+++ Entries provided
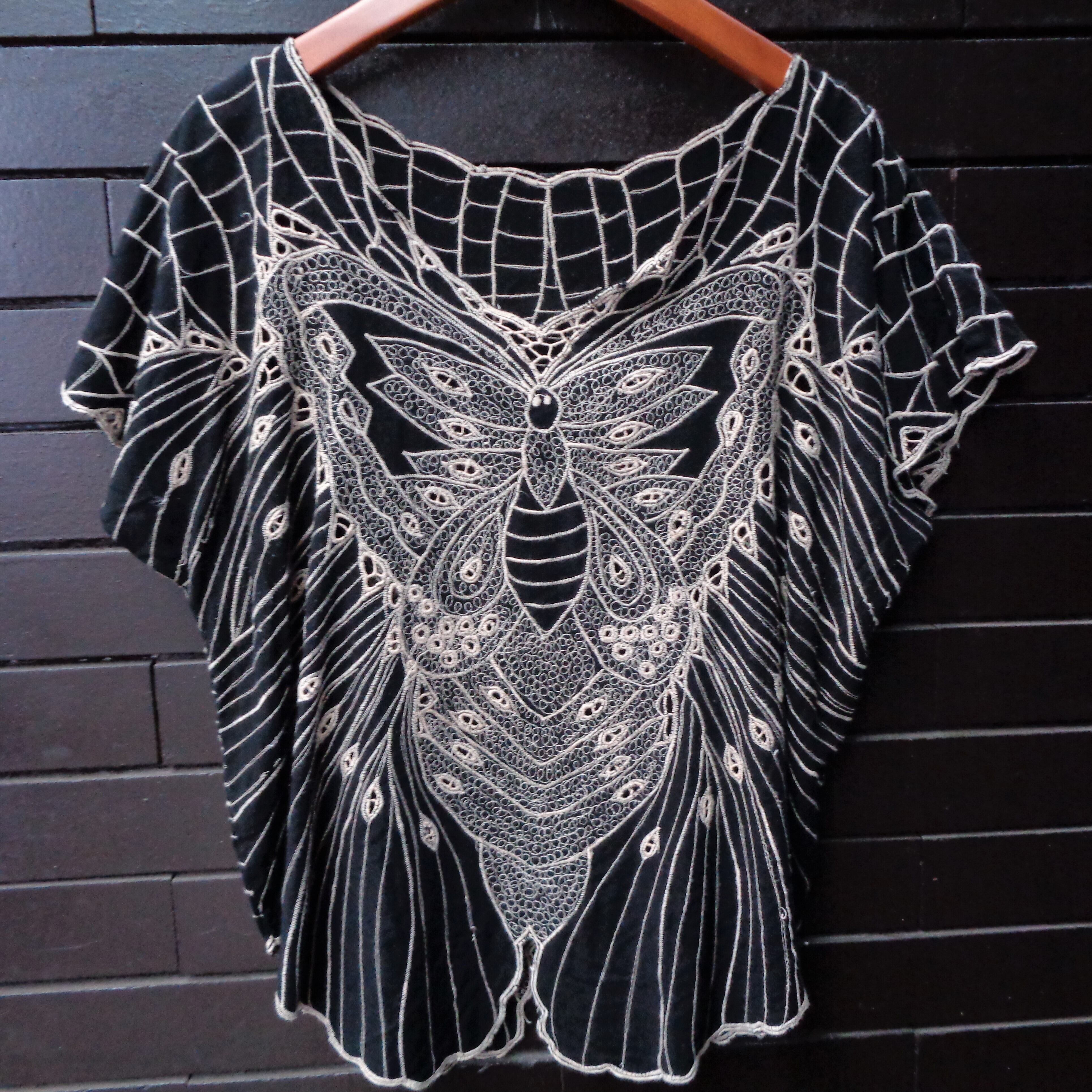 Butterfly design cutwork blouse バタフライ柄カットワーク半袖トップス
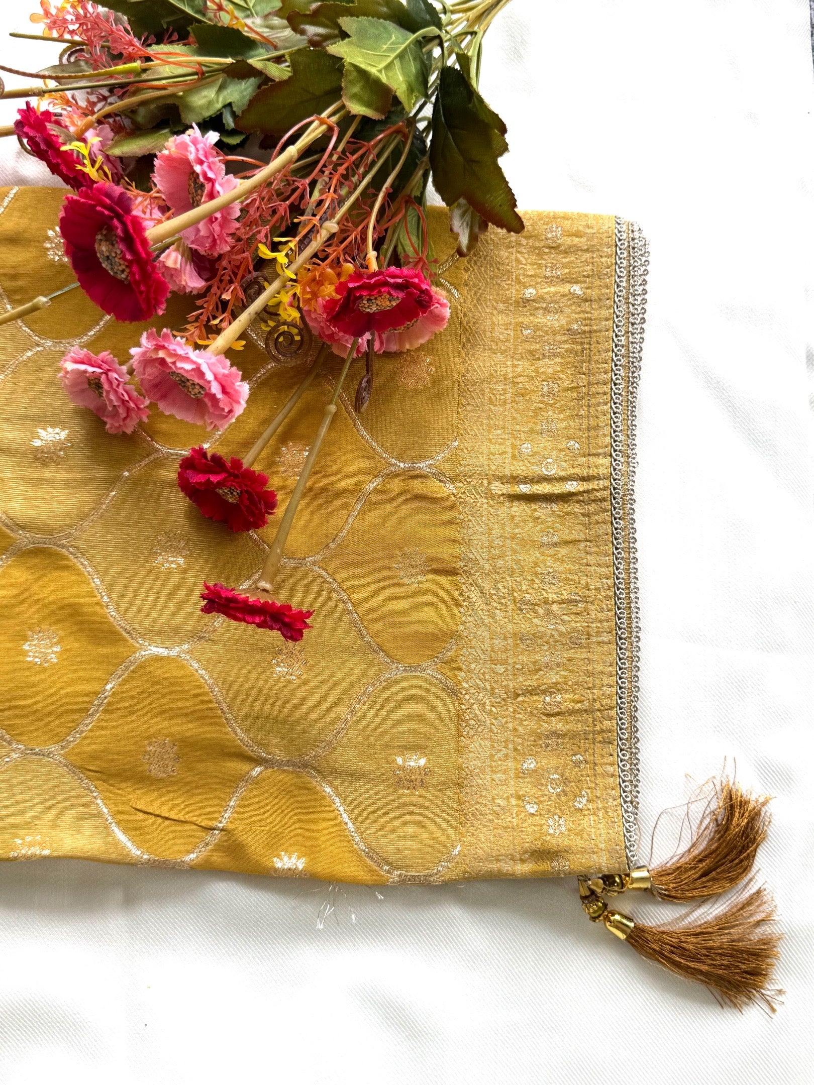 Step into festive elegance with this luxurious Yellow Banarasi Suit Set from Sakhi Luxe. Crafted from premium fabric, the suit is adorned with rich golden Banarasi booti all over, creating a timeless and opulent look. The neckline features intricate Zari Zardosi embroidery, enhanced with delicate pink and golden threadwork, adding a regal and celebratory touch. The hemline is finished with lace and pear embellishments, exuding refined sophistication and feminine charm.Paired with Golden Banarasi Dupatta it features all-over golden Banarasi booti, The edges are finished with delicate golden lace, adding a refined and sophisticated charm.
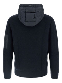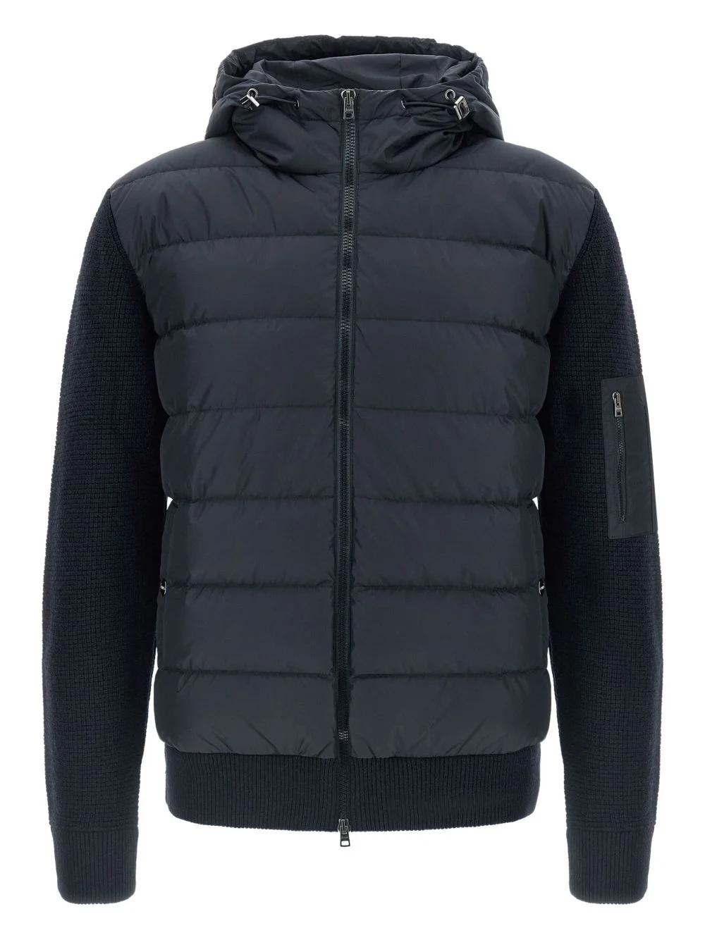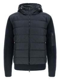 padded-knitted down jacket Highlights - Navy blue - Padded panel - Knitted sleeves - Drawstring hood - Front zip closure - Front pockets Imported Composition Wool 100% Washing instructions Read Manufacturer Guidelines
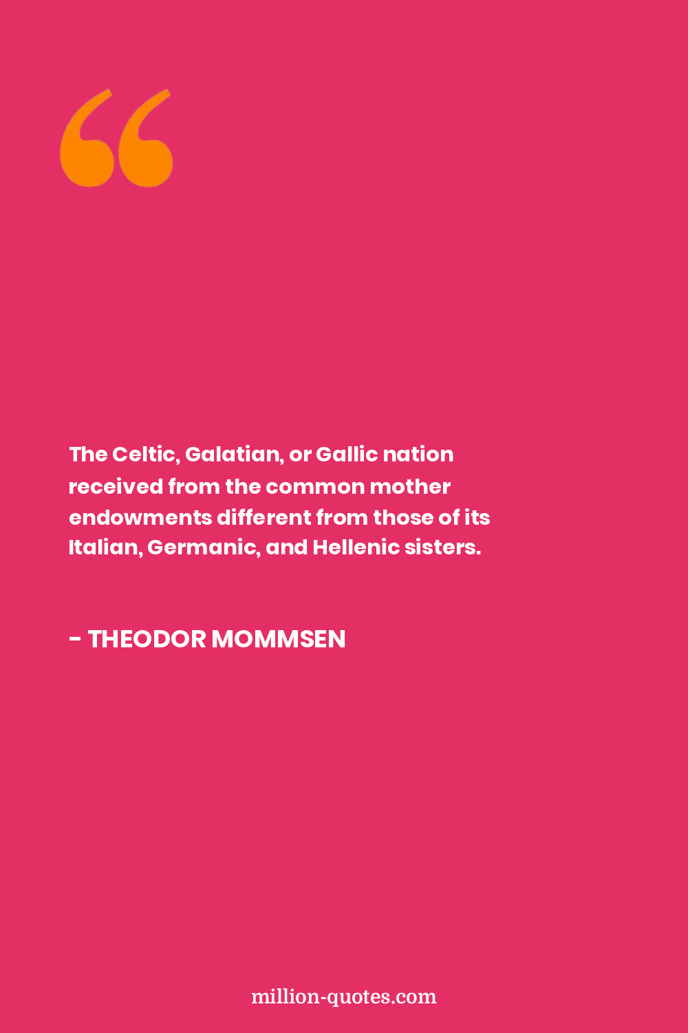 The Celtic, Galatian, or Gallic nation received from the common mother endowments different from those of its Italian, Germanic, and Hellenic sisters.
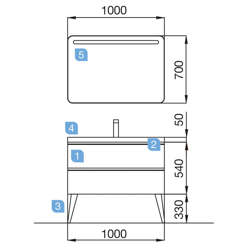 • Lavabo TOSCANA 1005 CARGA MINERAL BLANCA 1005 x 50 x 460 mm
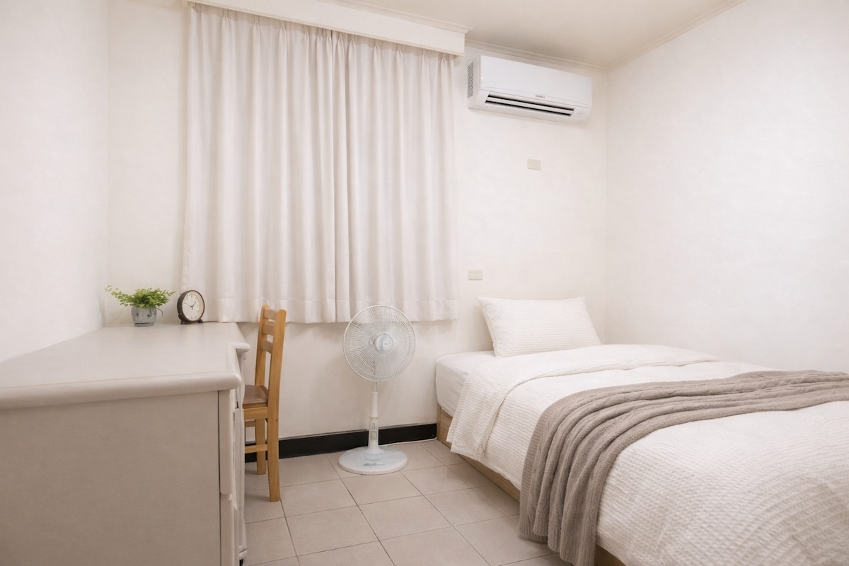 Будинок розташований в центрі Банцяо, місто Новий Тайбей, недалеко від міста Банцяо, швидкісної автомагістралі, автовокзалу, автовокзалу, залізничного вокзалу та лінії MRT Pananan (Xinpu), в 2 хвилинах ходьби є громадська платна крита парковка та парковка на узбіччі дороги, 200 метрів і 4 хвилини пішки, це автобусна зупинка та станція MRT Xinpu, вихід 2, Ятанцяо, храм Луншань, Ximen, станція Taipei, Taipei101, транспорт зручний для відвідування різних пам 'яток. Будинок розташований на 2-му поверсі квартири в старому районі, немає ліфта, потрібно пройти всього 16 сходинок, район безпечний, тихий і простий, помешкання обладнане герметичними звукоізольованими вікнами, не турбуйтеся про спокій під час сну, є кафе, супермаркет, салон краси, магазин для зручного побуту. Внутрішній простір складається з 3 спальних кімнат (A. кімната на 4 особи з 2 двоспальними ліжками, B. кімната на 2 особи з 1 двоспальним ліжком, C.Тематична дитяча кімната (1 стандартне односпальне ліжко), 1 вітальня, 1 їдальня, 1 кухня, 1 ванна кімната з туалетом, 1 робочий балкон (зона для куріння) з безкоштовною пральною та сушильною машинами, простір близько 100 м ². Будинок обладнаний енергозберігаючими системами охолодження та опалення (2025/3/17), 43-дюймовим смарт-телевізором з Інтернетом, безкоштовним Wi-Fi та кабельними програмами, а також шампунем, милом для тіла, кондиціонером та милом для рук, а також 1 рушником для ванни на особу.(Згідно з екологічними нормами, зубну щітку, зубну пасту, бритву, гребінець потрібно привезти з собою) Просторе та комфортне житлове середовище, щоб ви могли відчувати себе як вдома під час подорожі.
++++++
### Your instructions
Pictures do not belong in the answer. Return the lines above starting at the one with "Step into festive" and ending at the one with "50 x 460 mm", both kept, exactly.

### Solution to the exercise
 Step into festive elegance with this luxurious Yellow Banarasi Suit Set from Sakhi Luxe. Crafted from premium fabric, the suit is adorned with rich golden Banarasi booti all over, creating a timeless and opulent look. The neckline features intricate Zari Zardosi embroidery, enhanced with delicate pink and golden threadwork, adding a regal and celebratory touch. The hemline is finished with lace and pear embellishments, exuding refined sophistication and feminine charm.Paired with Golden Banarasi Dupatta it features all-over golden Banarasi booti, The edges are finished with delicate golden lace, adding a refined and sophisticated charm.
 padded-knitted down jacket Highlights - Navy blue - Padded panel - Knitted sleeves - Drawstring hood - Front zip closure - Front pockets Imported Composition Wool 100% Washing instructions Read Manufacturer Guidelines
 The Celtic, Galatian, or Gallic nation received from the common mother endowments different from those of its Italian, Germanic, and Hellenic sisters.
 • Lavabo TOSCANA 1005 CARGA MINERAL BLANCA 1005 x 50 x 460 mm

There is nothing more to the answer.